══ Data provided
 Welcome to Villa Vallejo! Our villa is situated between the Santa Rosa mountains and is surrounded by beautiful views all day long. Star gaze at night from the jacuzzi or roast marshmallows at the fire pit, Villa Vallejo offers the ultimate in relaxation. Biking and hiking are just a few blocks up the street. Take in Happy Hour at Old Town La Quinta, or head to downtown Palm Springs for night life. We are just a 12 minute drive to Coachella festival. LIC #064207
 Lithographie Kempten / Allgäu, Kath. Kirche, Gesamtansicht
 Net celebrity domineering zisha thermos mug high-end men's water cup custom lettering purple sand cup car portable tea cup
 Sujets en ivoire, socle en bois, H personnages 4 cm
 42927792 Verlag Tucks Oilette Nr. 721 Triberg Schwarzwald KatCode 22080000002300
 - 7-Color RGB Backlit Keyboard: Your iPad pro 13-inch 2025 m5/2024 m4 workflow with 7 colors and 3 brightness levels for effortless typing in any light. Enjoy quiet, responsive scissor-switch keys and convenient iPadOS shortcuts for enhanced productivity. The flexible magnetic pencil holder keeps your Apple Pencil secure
════
══ Data provided
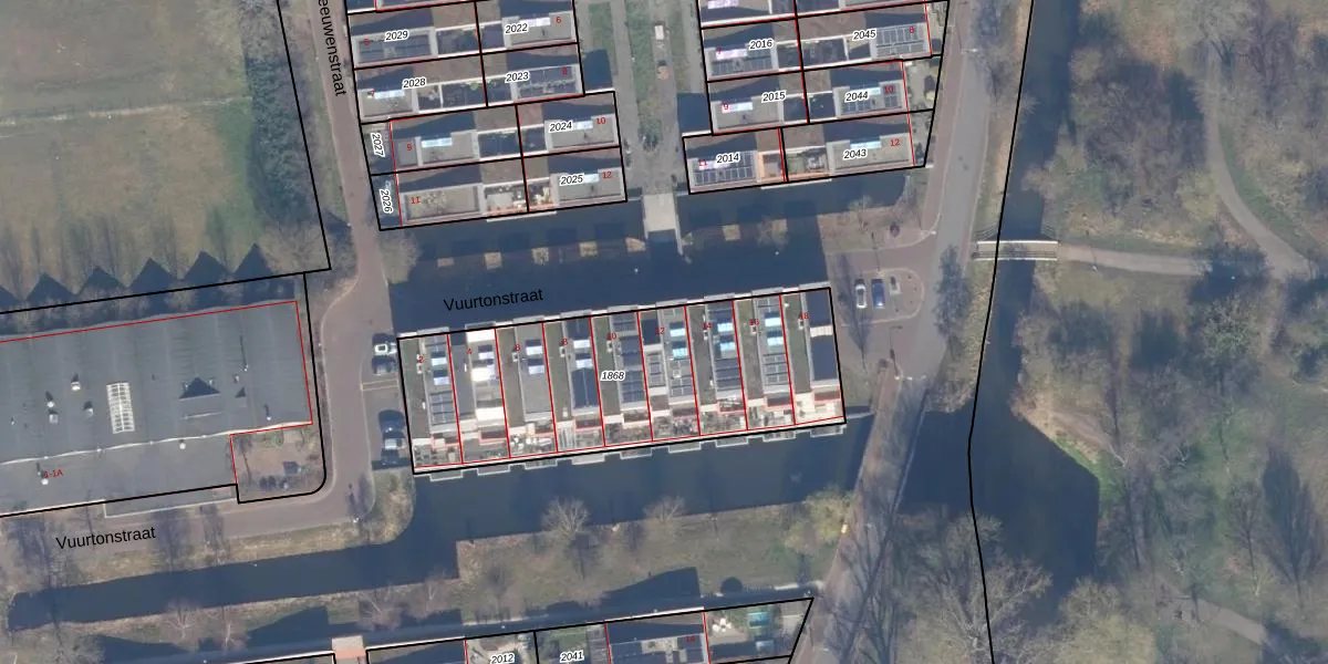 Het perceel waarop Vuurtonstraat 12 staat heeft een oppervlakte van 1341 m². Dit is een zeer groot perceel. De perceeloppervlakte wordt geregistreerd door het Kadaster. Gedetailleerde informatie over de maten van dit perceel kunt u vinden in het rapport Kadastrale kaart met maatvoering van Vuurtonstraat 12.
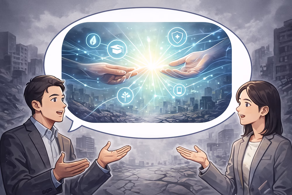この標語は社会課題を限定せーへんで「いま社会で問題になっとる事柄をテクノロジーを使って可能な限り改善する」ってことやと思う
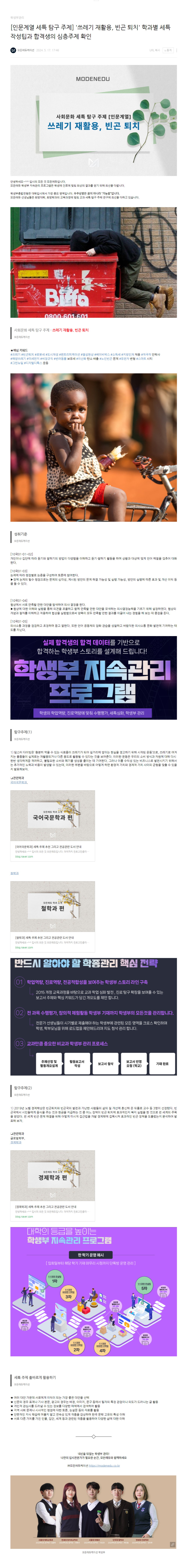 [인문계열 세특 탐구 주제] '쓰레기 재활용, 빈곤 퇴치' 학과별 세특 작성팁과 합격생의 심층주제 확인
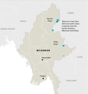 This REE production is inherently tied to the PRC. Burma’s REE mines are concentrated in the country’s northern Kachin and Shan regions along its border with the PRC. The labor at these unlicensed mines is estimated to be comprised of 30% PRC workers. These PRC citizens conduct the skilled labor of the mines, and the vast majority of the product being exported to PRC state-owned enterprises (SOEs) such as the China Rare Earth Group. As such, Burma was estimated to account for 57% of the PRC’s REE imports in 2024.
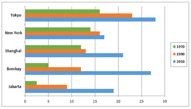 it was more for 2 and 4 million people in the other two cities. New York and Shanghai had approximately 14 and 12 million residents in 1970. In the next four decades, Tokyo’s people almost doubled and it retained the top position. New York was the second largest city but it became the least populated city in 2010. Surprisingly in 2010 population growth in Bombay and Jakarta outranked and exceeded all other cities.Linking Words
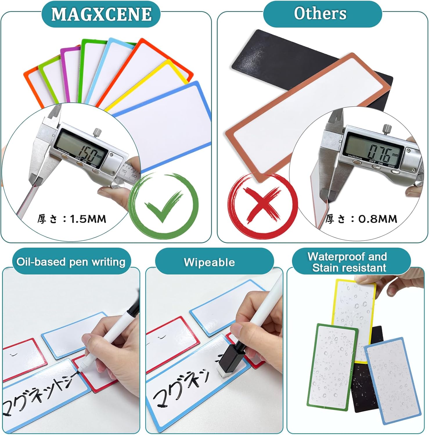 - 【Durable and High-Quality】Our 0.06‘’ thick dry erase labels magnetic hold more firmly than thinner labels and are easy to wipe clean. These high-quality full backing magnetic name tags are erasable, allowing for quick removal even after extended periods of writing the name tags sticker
════
══ Data provided
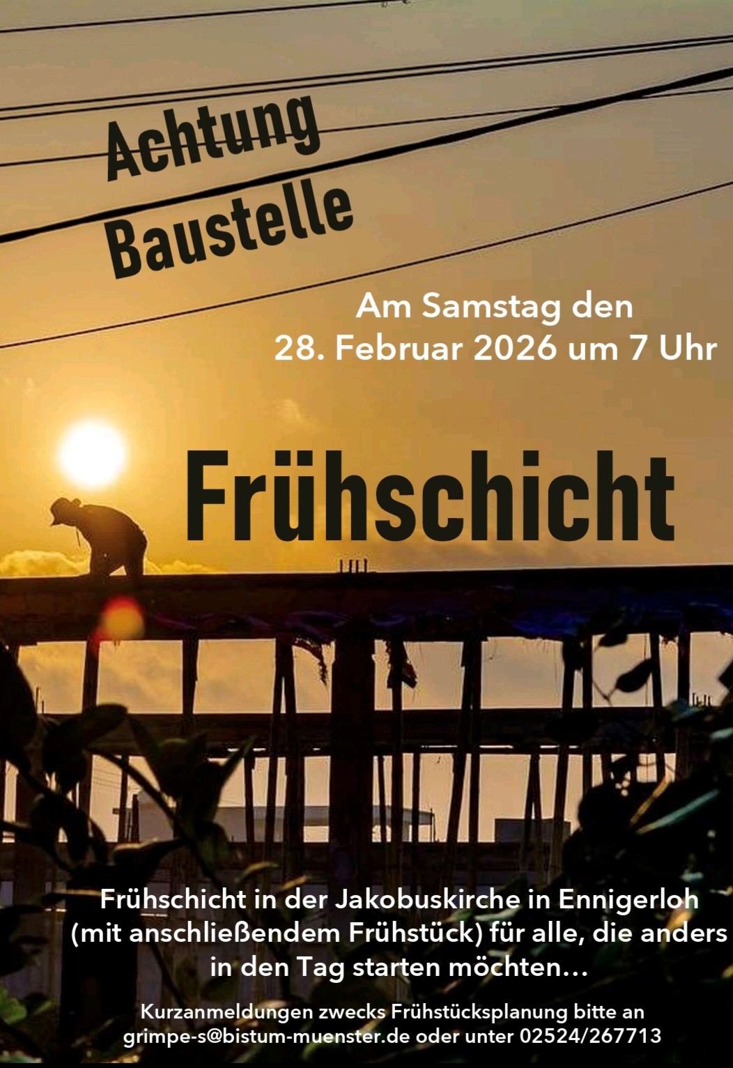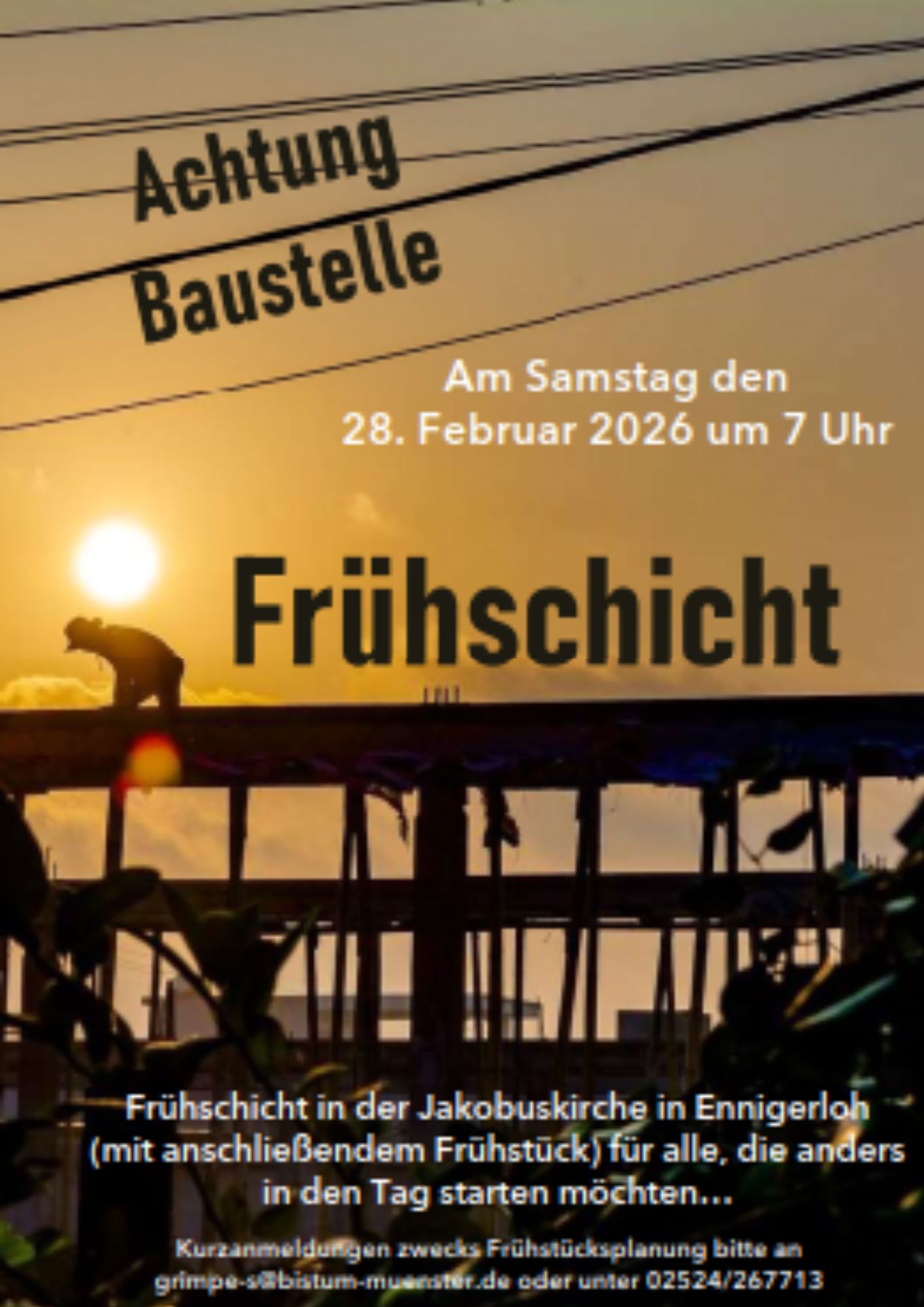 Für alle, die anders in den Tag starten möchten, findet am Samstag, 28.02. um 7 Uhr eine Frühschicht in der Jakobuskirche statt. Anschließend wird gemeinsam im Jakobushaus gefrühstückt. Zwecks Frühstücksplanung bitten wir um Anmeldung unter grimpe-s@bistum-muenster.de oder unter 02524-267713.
════
> Work to complete
Give the exact lines, and only those, from the line containing "Welcome to Villa" through the line containing "Lithographie Kempten /" in the entries above.

> Written solution
 Welcome to Villa Vallejo! Our villa is situated between the Santa Rosa mountains and is surrounded by beautiful views all day long. Star gaze at night from the jacuzzi or roast marshmallows at the fire pit, Villa Vallejo offers the ultimate in relaxation. Biking and hiking are just a few blocks up the street. Take in Happy Hour at Old Town La Quinta, or head to downtown Palm Springs for night life. We are just a 12 minute drive to Coachella festival. LIC #064207
 Lithographie Kempten / Allgäu, Kath. Kirche, Gesamtansicht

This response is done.